• Exercise requirements
Exactly as written, print every line of the listing below and omit its pictures.

• Given records
----
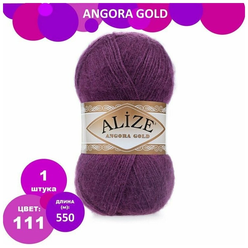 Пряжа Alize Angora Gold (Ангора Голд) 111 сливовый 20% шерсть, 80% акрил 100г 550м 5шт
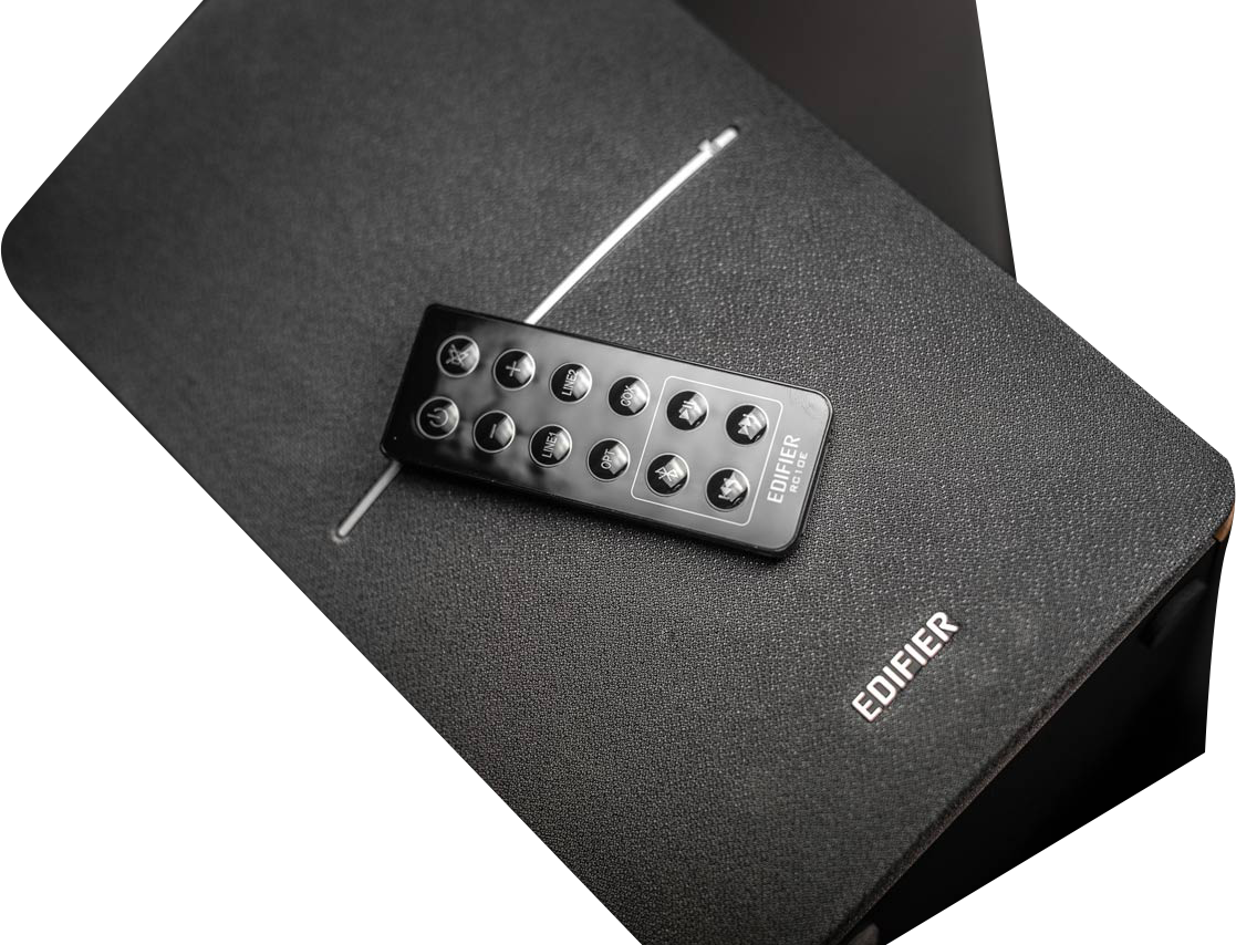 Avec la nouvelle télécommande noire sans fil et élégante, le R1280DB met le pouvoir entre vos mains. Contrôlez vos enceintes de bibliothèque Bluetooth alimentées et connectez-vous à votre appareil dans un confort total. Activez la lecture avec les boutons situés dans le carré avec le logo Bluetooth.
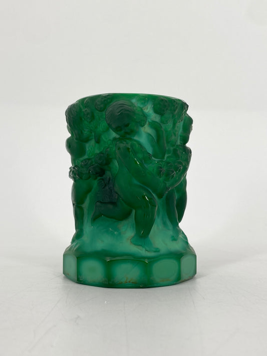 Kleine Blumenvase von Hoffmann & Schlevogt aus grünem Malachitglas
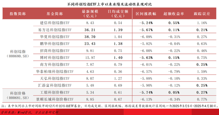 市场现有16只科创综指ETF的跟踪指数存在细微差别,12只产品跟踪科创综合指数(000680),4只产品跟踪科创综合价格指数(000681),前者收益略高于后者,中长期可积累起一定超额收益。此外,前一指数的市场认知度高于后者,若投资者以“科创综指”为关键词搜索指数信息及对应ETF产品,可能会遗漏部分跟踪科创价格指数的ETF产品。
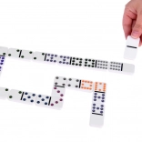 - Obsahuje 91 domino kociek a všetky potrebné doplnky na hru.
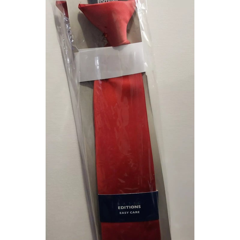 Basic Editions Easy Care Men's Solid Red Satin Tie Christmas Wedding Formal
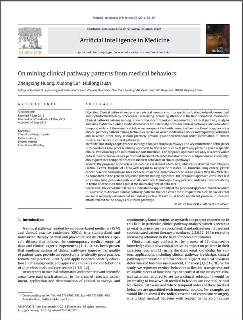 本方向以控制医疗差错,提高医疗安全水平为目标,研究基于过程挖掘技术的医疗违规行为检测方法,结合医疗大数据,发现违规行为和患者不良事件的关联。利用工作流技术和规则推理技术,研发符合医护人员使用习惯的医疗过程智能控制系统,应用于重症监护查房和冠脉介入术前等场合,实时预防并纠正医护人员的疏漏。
----
• Answer space
 Пряжа Alize Angora Gold (Ангора Голд) 111 сливовый 20% шерсть, 80% акрил 100г 550м 5шт
 Avec la nouvelle télécommande noire sans fil et élégante, le R1280DB met le pouvoir entre vos mains. Contrôlez vos enceintes de bibliothèque Bluetooth alimentées et connectez-vous à votre appareil dans un confort total. Activez la lecture avec les boutons situés dans le carré avec le logo Bluetooth.
 Kleine Blumenvase von Hoffmann & Schlevogt aus grünem Malachitglas
 市场现有16只科创综指ETF的跟踪指数存在细微差别,12只产品跟踪科创综合指数(000680),4只产品跟踪科创综合价格指数(000681),前者收益略高于后者,中长期可积累起一定超额收益。此外,前一指数的市场认知度高于后者,若投资者以“科创综指”为关键词搜索指数信息及对应ETF产品,可能会遗漏部分跟踪科创价格指数的ETF产品。
 - Obsahuje 91 domino kociek a všetky potrebné doplnky na hru.
 Basic Editions Easy Care Men's Solid Red Satin Tie Christmas Wedding Formal
 本方向以控制医疗差错,提高医疗安全水平为目标,研究基于过程挖掘技术的医疗违规行为检测方法,结合医疗大数据,发现违规行为和患者不良事件的关联。利用工作流技术和规则推理技术,研发符合医护人员使用习惯的医疗过程智能控制系统,应用于重症监护查房和冠脉介入术前等场合,实时预防并纠正医护人员的疏漏。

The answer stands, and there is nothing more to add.